The Augusta National Golf Club still forbids women members. At a time when more women are holding political office and becoming corporate CEOs, isn't it time to dump this discrimination?
As host of the Masters, the Augusta National Golf Club takes pride in preserving traditions, even to the point of anachronism: pimento cheese sandwiches selling for $1.50 at the snack venues, caddies in white overalls, nostalgic music and minimal ads on the tournament telecasts.
And then there's that other throwback – exclusion of women from the club's elite, CEO-studded membership. It's retro, but not necessarily in a way that inspires warm-and-fuzzy nostalgia.
"They're clearly living in a time warp," said Lisa Maatz, director of public policy for the American Association of University Women, who evoked the sexist mindsets of 50 years ago on display in the TV series "Mad Men" about a New York advertising agency in the 1960s.

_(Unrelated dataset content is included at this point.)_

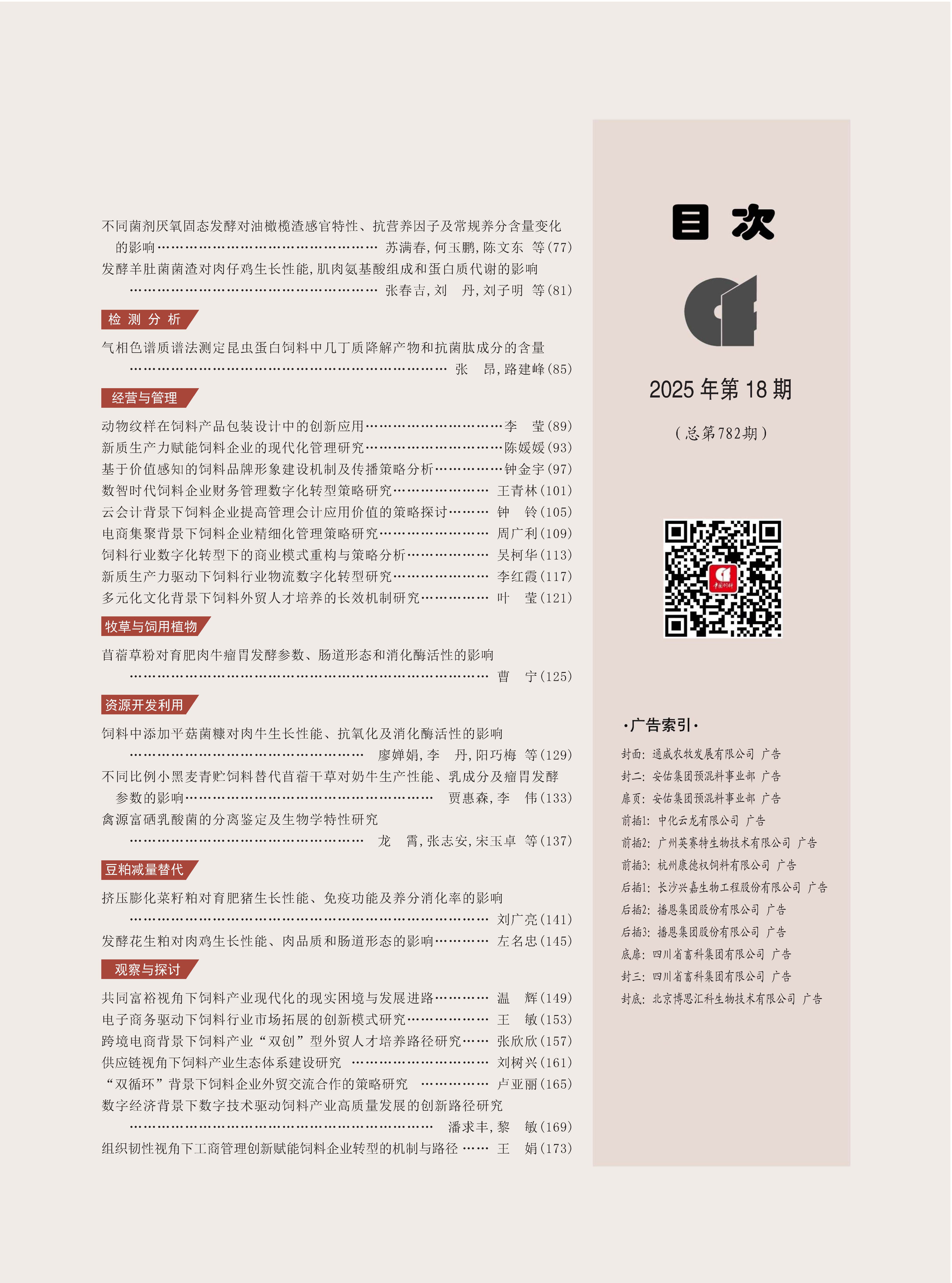 . 《中国饲料》2025-18期目次[J]. 中国饲料, 2025, 1(18): 1-.

"In a culture where 'Mad Men' has become such a hit, it feels like we're falling back into some of those policies," Maatz added. "It's resulting in a lot of mad women."
Augusta National – which took its time before admitting black and Jewish men as members – was targeted by angry women before, in 2002. Martha Burk, then head of the National Council of Women's Organizations, led a protest campaign that riled the club's leadership and failed to break the gender barrier.